- **Task statement**
The data below should be retyped exactly, with the pictures left out.

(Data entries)
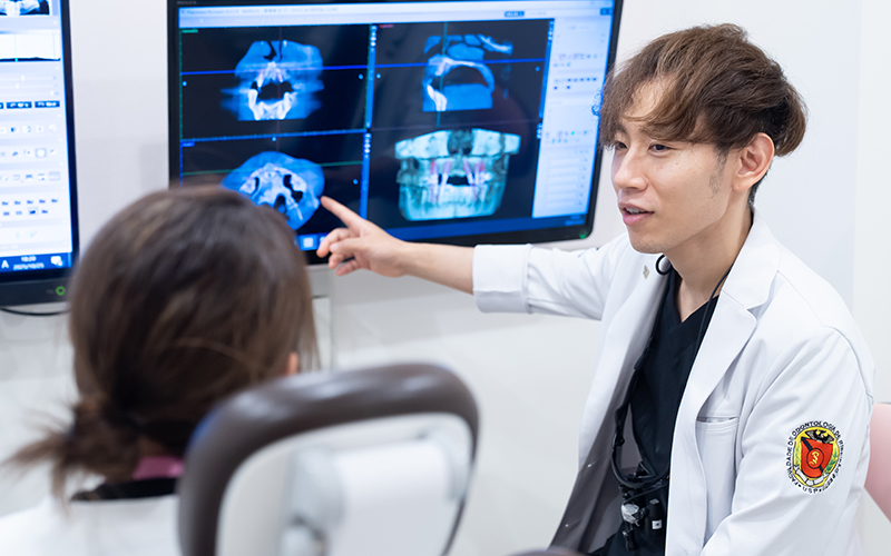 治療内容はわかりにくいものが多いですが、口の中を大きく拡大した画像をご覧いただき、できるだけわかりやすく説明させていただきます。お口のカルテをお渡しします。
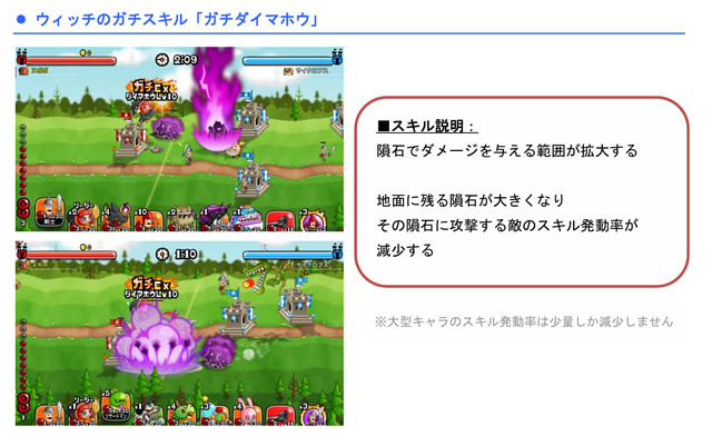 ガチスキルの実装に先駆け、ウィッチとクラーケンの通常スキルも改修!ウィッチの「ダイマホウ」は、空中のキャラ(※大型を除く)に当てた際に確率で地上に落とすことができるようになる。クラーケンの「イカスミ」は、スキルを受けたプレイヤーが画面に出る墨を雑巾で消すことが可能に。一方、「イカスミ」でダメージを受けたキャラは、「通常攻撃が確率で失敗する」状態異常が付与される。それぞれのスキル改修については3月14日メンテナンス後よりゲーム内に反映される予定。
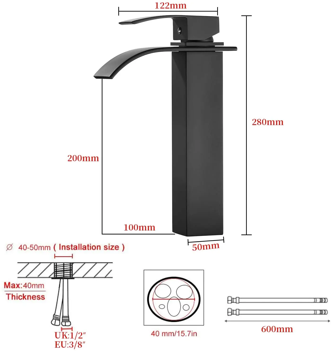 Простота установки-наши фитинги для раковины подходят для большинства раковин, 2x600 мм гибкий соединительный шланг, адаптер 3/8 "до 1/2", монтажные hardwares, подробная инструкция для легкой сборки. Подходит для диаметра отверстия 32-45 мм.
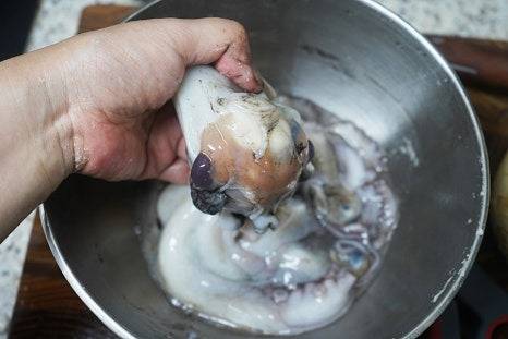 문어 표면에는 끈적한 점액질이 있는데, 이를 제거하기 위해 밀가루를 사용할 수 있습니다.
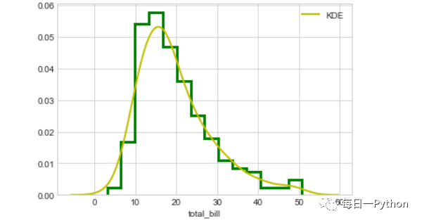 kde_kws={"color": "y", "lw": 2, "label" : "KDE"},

- **Task response**
 治療内容はわかりにくいものが多いですが、口の中を大きく拡大した画像をご覧いただき、できるだけわかりやすく説明させていただきます。お口のカルテをお渡しします。
 ガチスキルの実装に先駆け、ウィッチとクラーケンの通常スキルも改修!ウィッチの「ダイマホウ」は、空中のキャラ(※大型を除く)に当てた際に確率で地上に落とすことができるようになる。クラーケンの「イカスミ」は、スキルを受けたプレイヤーが画面に出る墨を雑巾で消すことが可能に。一方、「イカスミ」でダメージを受けたキャラは、「通常攻撃が確率で失敗する」状態異常が付与される。それぞれのスキル改修については3月14日メンテナンス後よりゲーム内に反映される予定。
 Простота установки-наши фитинги для раковины подходят для большинства раковин, 2x600 мм гибкий соединительный шланг, адаптер 3/8 "до 1/2", монтажные hardwares, подробная инструкция для легкой сборки. Подходит для диаметра отверстия 32-45 мм.
 문어 표면에는 끈적한 점액질이 있는데, 이를 제거하기 위해 밀가루를 사용할 수 있습니다.
 kde_kws={"color": "y", "lw": 2, "label" : "KDE"},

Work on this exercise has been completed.